Transition to FRS 102
The entity transitioned from previous UK GAAP to FRS 102 as at 1 April 2015. Details of how FRS 102 has affected the reported financial position and financial performance is given in note 9.
Revenue recognition
Turnover is measured at the fair value of the consideration received or receivable for goods supplied and services rendered, net of discounts and Value Added Tax. Revenue from the sale of goods is recognised when the significant risks and rewards of ownership have transferred to the buyer (usually on despatch of the goods); the amount of revenue can be measured reliably; it is probable that the associated economic benefits will flow to the entity; and the costs incurred or to be incurred in respect of the transactions can be measured reliably.
Income tax
The taxation expense represents the aggregate amount of current and deferred tax recognised in the reporting period. Tax is recognised in profit or loss, except to the extent that it relates to items recognised in other comprehensive income or directly in equity. In this case, tax is recognised in other comprehensive income or directly in equity, respectively. Current tax is recognised on taxable profit for the current and past periods. Current tax is measured at the amounts of tax expected to pay or recover using the tax rates and laws that have been enacted or substantively enacted at the reporting date.

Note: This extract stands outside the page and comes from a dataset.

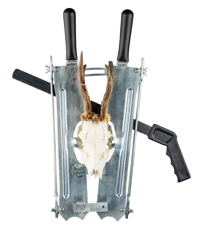 Bestående af galvaniseret stålsav og udstyret med en variabel føringsskinne, vægten er kun ca. 1,8 kg og er ikke kun til afskæring af geviret fra f.eks. råbukke, men muliggør også et rent og frem for alt glat snit.

Deferred tax is recognised in respect of all timing differences at the reporting date. Unrelieved tax losses and other deferred tax assets are recognised to the extent that it is probable that they will be recovered against the reversal of deferred tax liabilities or other future taxable profits. Deferred tax is measured using the tax rates and laws that have been enacted or substantively enacted by the reporting date that are expected to apply to the reversal of the timing difference.
Financial instruments
Financial liabilities and equity instruments are classified according to the substance of the contractual arrangements entered into. An equity instrument is any contract that evidences a residual interest in the assets of the entity after deducting all of its financial liabilities.
4. Employee numbers
The average number of persons employed by the company during the year amounted to 1 (2016: 1 ).
5. Debtors
2017
2016
£
£
Trade debtors
3,048
1,214
--------
--------
6. Creditors: amounts falling due within one year
2017
2016
£
£
Accruals and deferred income
70
70
Corporation tax
11,145
9,740
Social security and other taxes
1,930
1,933
Director loan accounts
3
775
---------
---------
13,148
12,518
---------
---------
7. Director's advances, credits and guarantees
There were no director's advances, credits or guarantees during the year.
8. Related party transactions
The company was under the control of Mr. N. Ward throughout the current and previous year. Mr. N. Ward is the managing director and is a shareholder. No transactions with related parties were undertaken such as are required to be disclosed under Financial Reporting Standard for Smaller Entities.
9. Transition to FRS 102
These are the first financial statements that comply with FRS 102. The company transitioned to FRS 102 on 1 April 2015.
No transitional adjustments were required in equity or profit or loss for the year.